▸ Data block:
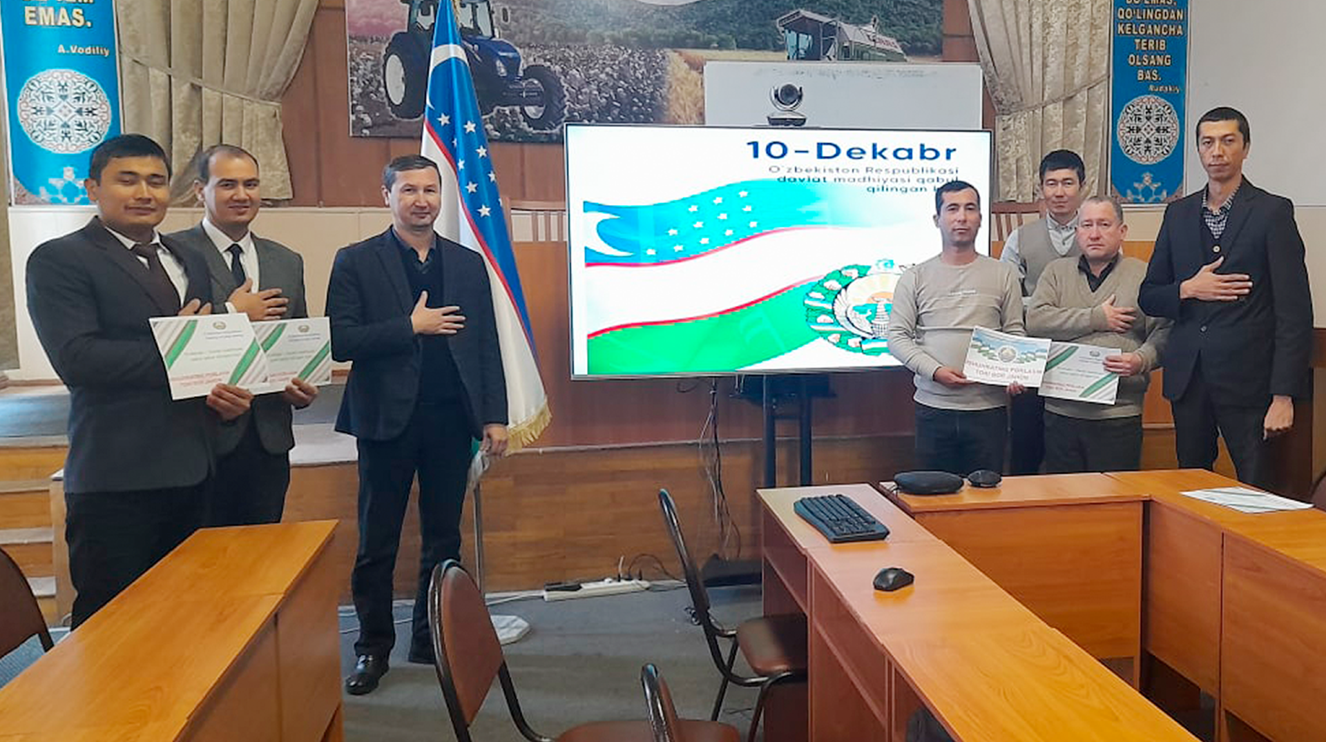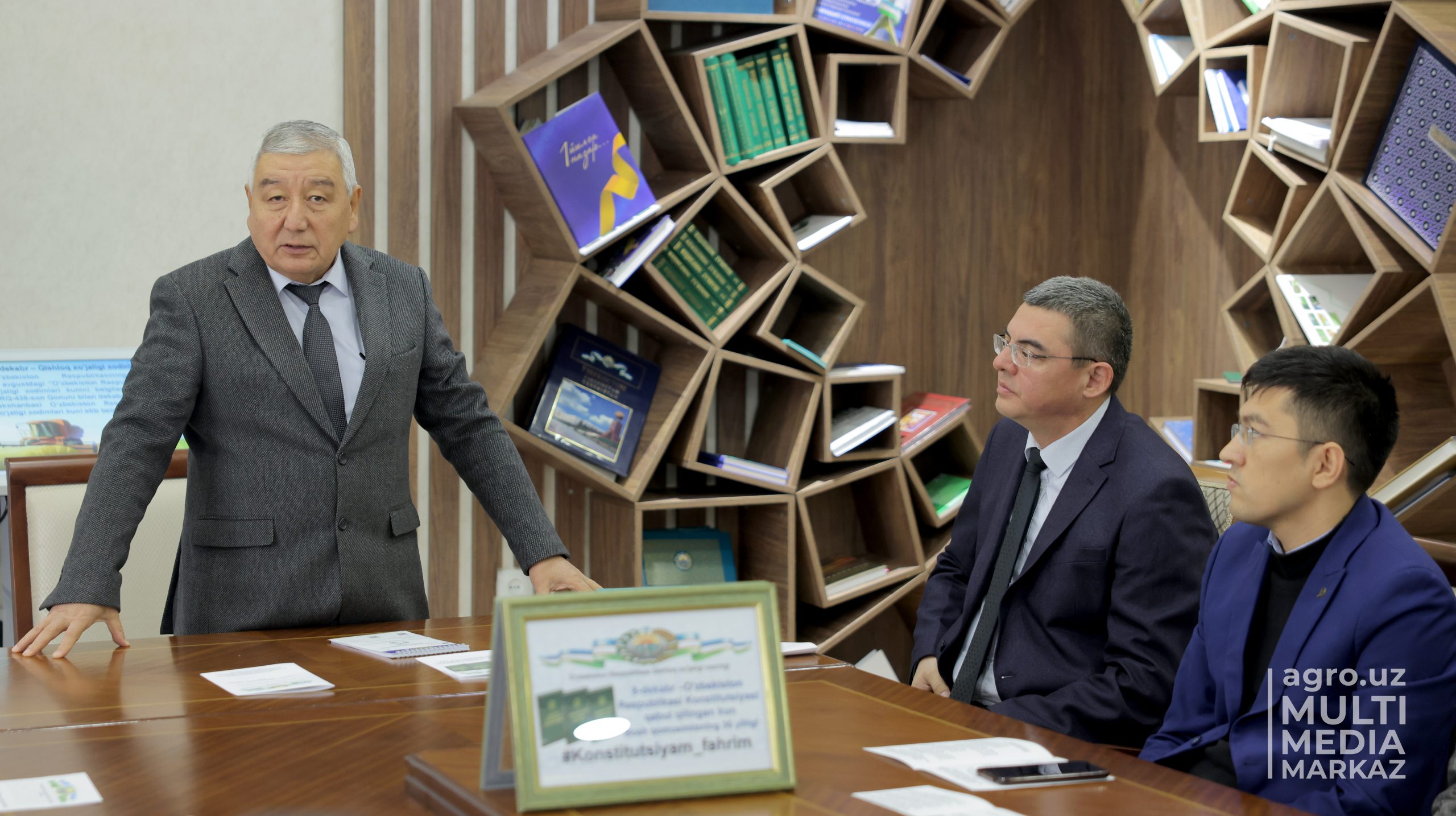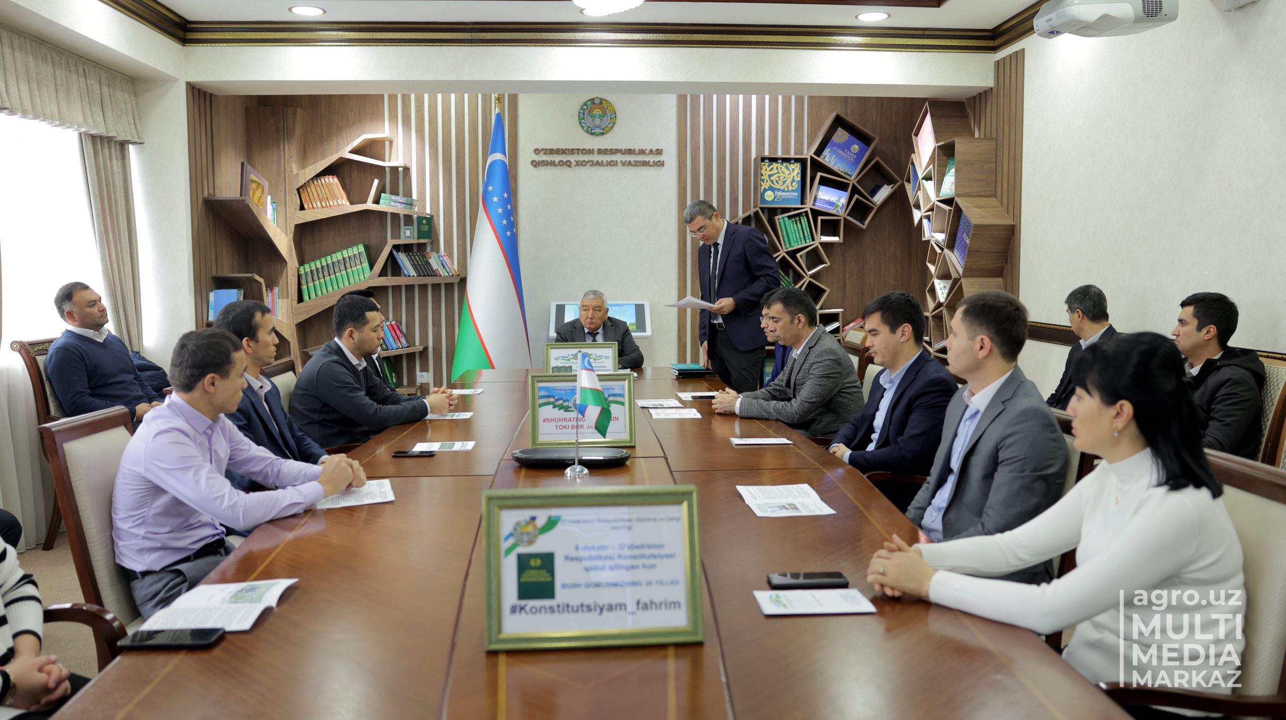 O‘zbekiston Respublikasi Konstitutsiyasi hamda Davlat madhiyasi qabul qilinganligining 30 yilligi munosabati bilan Qishloq xo‘jaligi vazirligi markaziy apparati tarkibiy bo‘linmalari rahbarlari va mas’ul xodimlari ishtirokida ma’naviy-ma’rifiy tadbir bo‘lib o‘tdi.
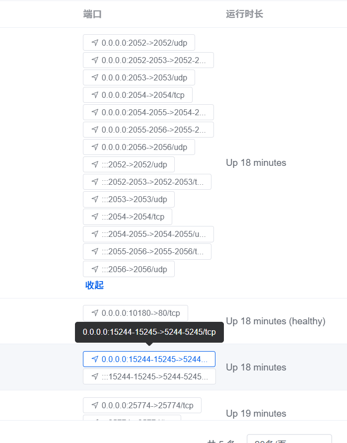 2.这个连续端口合并显示从很久以前就有问题,假如同时映射几个连续的端口,会合并成port-port的样式,没有问题,但是如果同时映射几个连续的端口的tcp和udp,这就乱套了,会有各种各样的显示方式,图一只是其中一种。
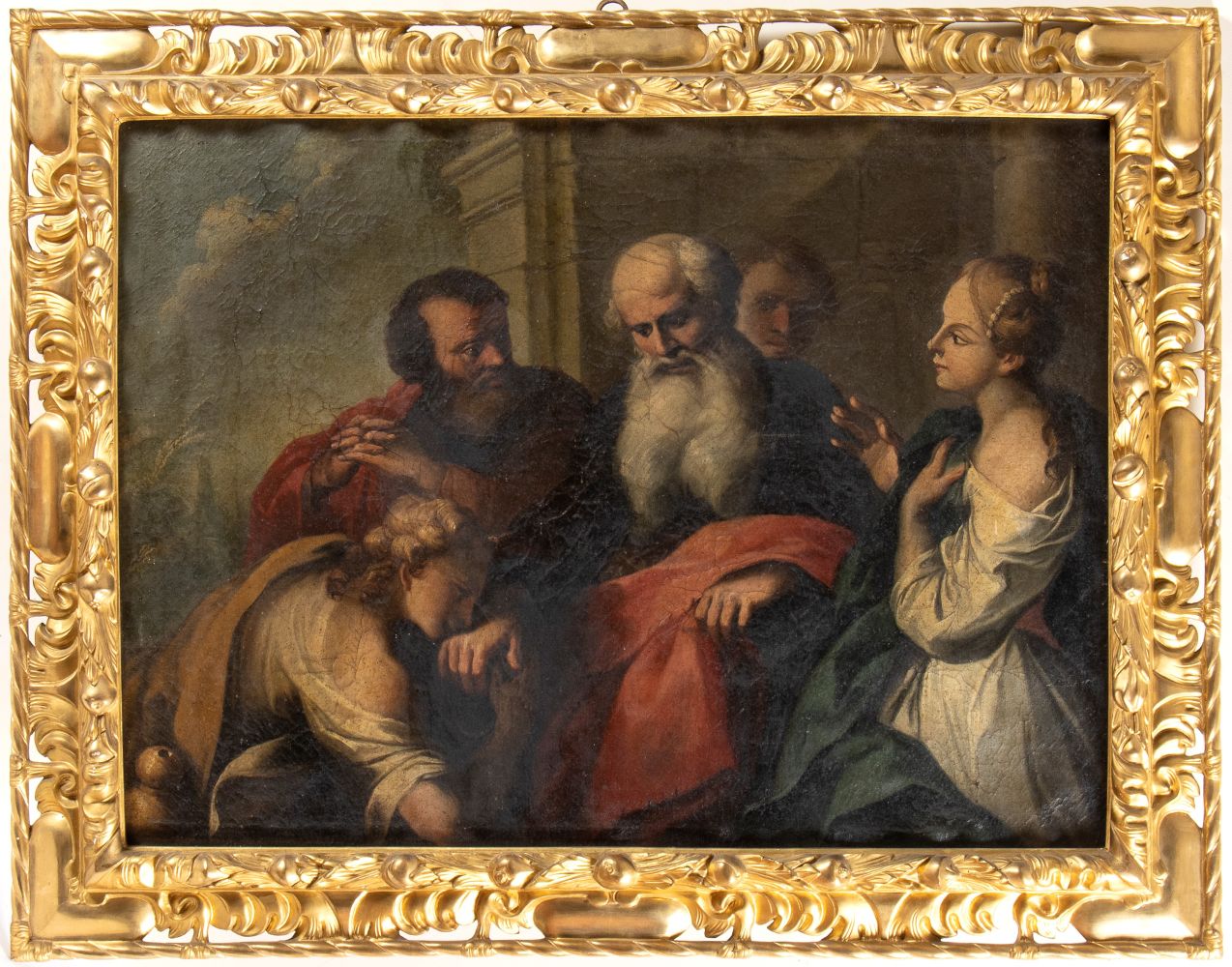 Artista emiliano, XVII secolo () Scena biblica con due donne

▸ Task statement: The listing is to be repeated word for word, with all pictures omitted.

▸ Result of the exercise:
 O‘zbekiston Respublikasi Konstitutsiyasi hamda Davlat madhiyasi qabul qilinganligining 30 yilligi munosabati bilan Qishloq xo‘jaligi vazirligi markaziy apparati tarkibiy bo‘linmalari rahbarlari va mas’ul xodimlari ishtirokida ma’naviy-ma’rifiy tadbir bo‘lib o‘tdi.
 2.这个连续端口合并显示从很久以前就有问题,假如同时映射几个连续的端口,会合并成port-port的样式,没有问题,但是如果同时映射几个连续的端口的tcp和udp,这就乱套了,会有各种各样的显示方式,图一只是其中一种。
 Artista emiliano, XVII secolo () Scena biblica con due donne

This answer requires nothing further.